Para mí era una experiencia completamente nueva. Aunque conocía a Facundo Cabral desde hacía casi cuarenta años, estaba acostumbrado a hablar con el artista, con el amigo, obviando los asuntos técnicos y económicos que resolvía con sus managers personales, Emilio Valencia primero y Pablo Pérez Iglesia después. Pero esta vez dependía únicamente de mí convencerlo. Ensayé a solas una posible negociación: desplegar un ánimo superlativo para recordarle los teatros a reventar y el calor del público que lo estaba esperando; despertarle el famoso duende de los artistas, esa voz interna con cadencia de ego que en tantos años de profesión me resultaba de la familia, confiando en que Facundo Cabral, como todos los grandes, no iba a desperdiciar la oportunidad de cantarles un rato y hablarles otro a sus seguidores más fieles. Sin embargo, y aún hoy no tengo claro los motivos, dejé pasar los días: ausentes de noticias, apurando los límites. Decidí plegarme al silencio. Sin sospechar que ese, precisamente, sería el resultado de nuestra última aventura juntos.

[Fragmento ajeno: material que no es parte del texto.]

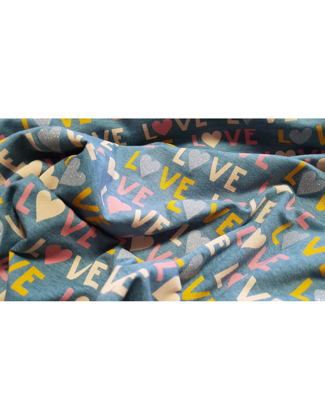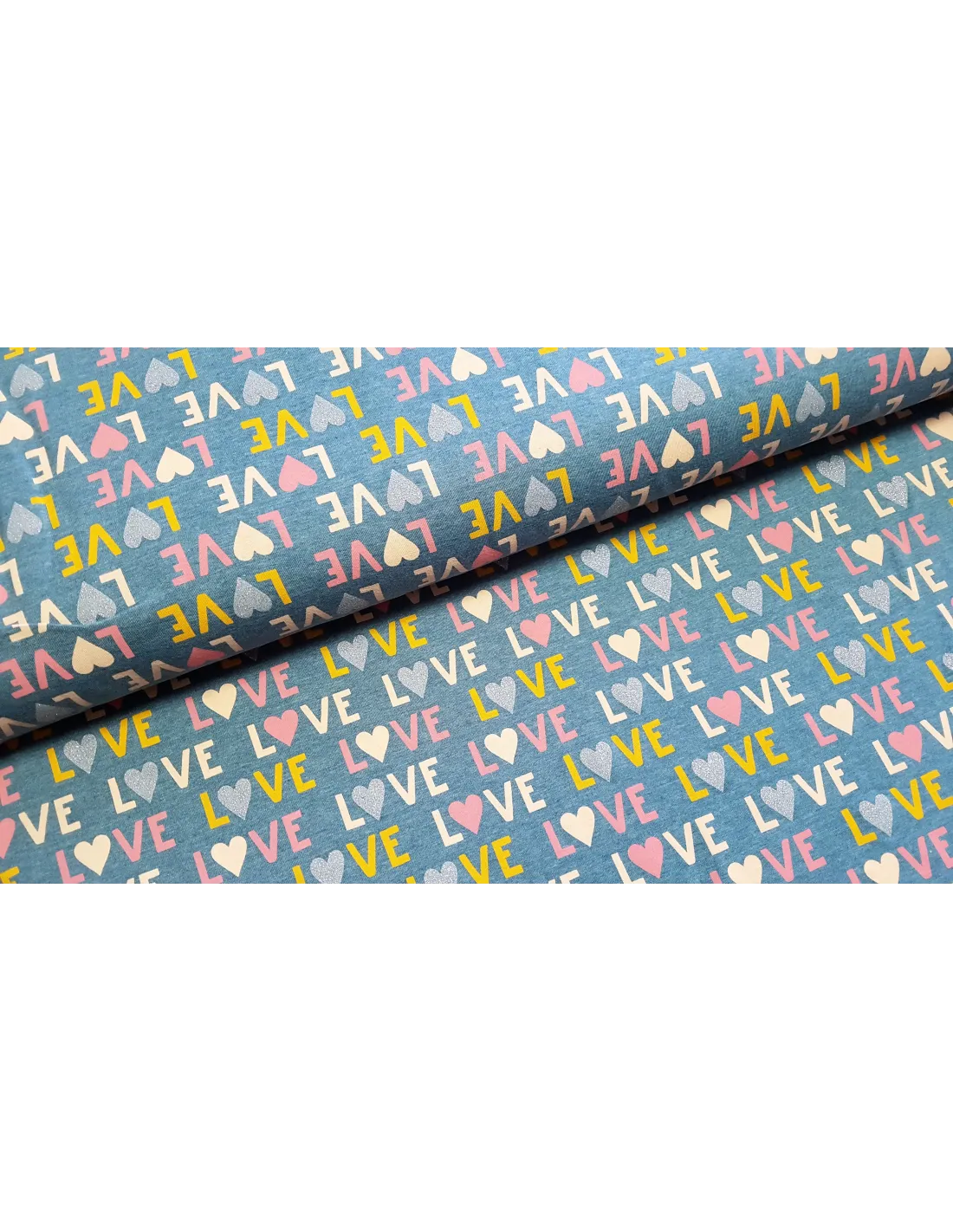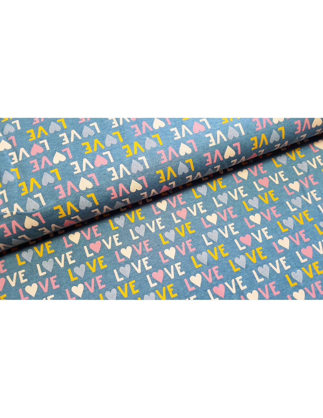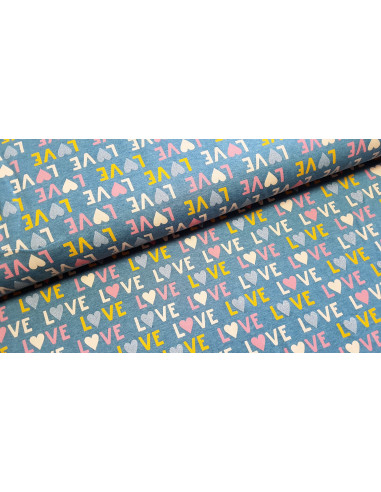 Jersey de coton impression "LOVE" sur fond bleu jeans. Superbe pour faire un t-shirt, une robe ou tout ce qui vous plaira !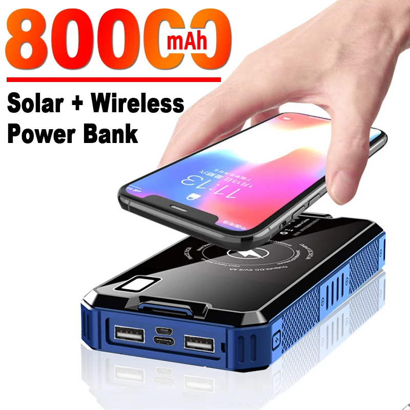 Внешний аккумулятор на солнечной батарее, 80000 мАч, с фонариком

–Che, decime: ¿Están todas las entradas vendidas? –me preguntó Facundo una semana antes de viajar a Nicaragua–. Y bue… siendo así, qué se le va a hacer. ¡Dale, nomás! Total, en una semana estoy acá de vuelta visitando matasanos…
Finalmente aterrizamos en Managua el dos de julio de 2011. En el Aeropuerto Internacional Augusto César Sandino nos estaba esperando el productor local, Henry Fariñas. Facundo lo saludó afectuosamente. Se habían conocido dos años atrás en una gira y mi amigo Pablo Pérez Iglesias me advirtió de que «el tipo es un fan total». Me llamó la atención su juventud. Fariñas rondaría los cuarenta años. Moderno, delgado y ejecutivo, pegado al iPhone, al iPad y a todos los juguetes electrónicos, se acercaba más a un yuppie acomodado que a los empresarios del espectáculo centroamericano que yo había conocido: los de las guayaberas prietas, los kilos de más y los Cohiba siempre en la boca. «¡No te lo vas a sacar de encima!», me presagió Pablo desde Buenos Aires, y en ese saludo en el aeropuerto supe que era verdad: que Fariñas, como tantos otros, deseaba acumular momentos, anécdotas, charlas; las frases de Facundo Cabral que luego se volvían propias; la posibilidad de intimar con el hombre que componía canciones y sentencias por encima del bien y del mal.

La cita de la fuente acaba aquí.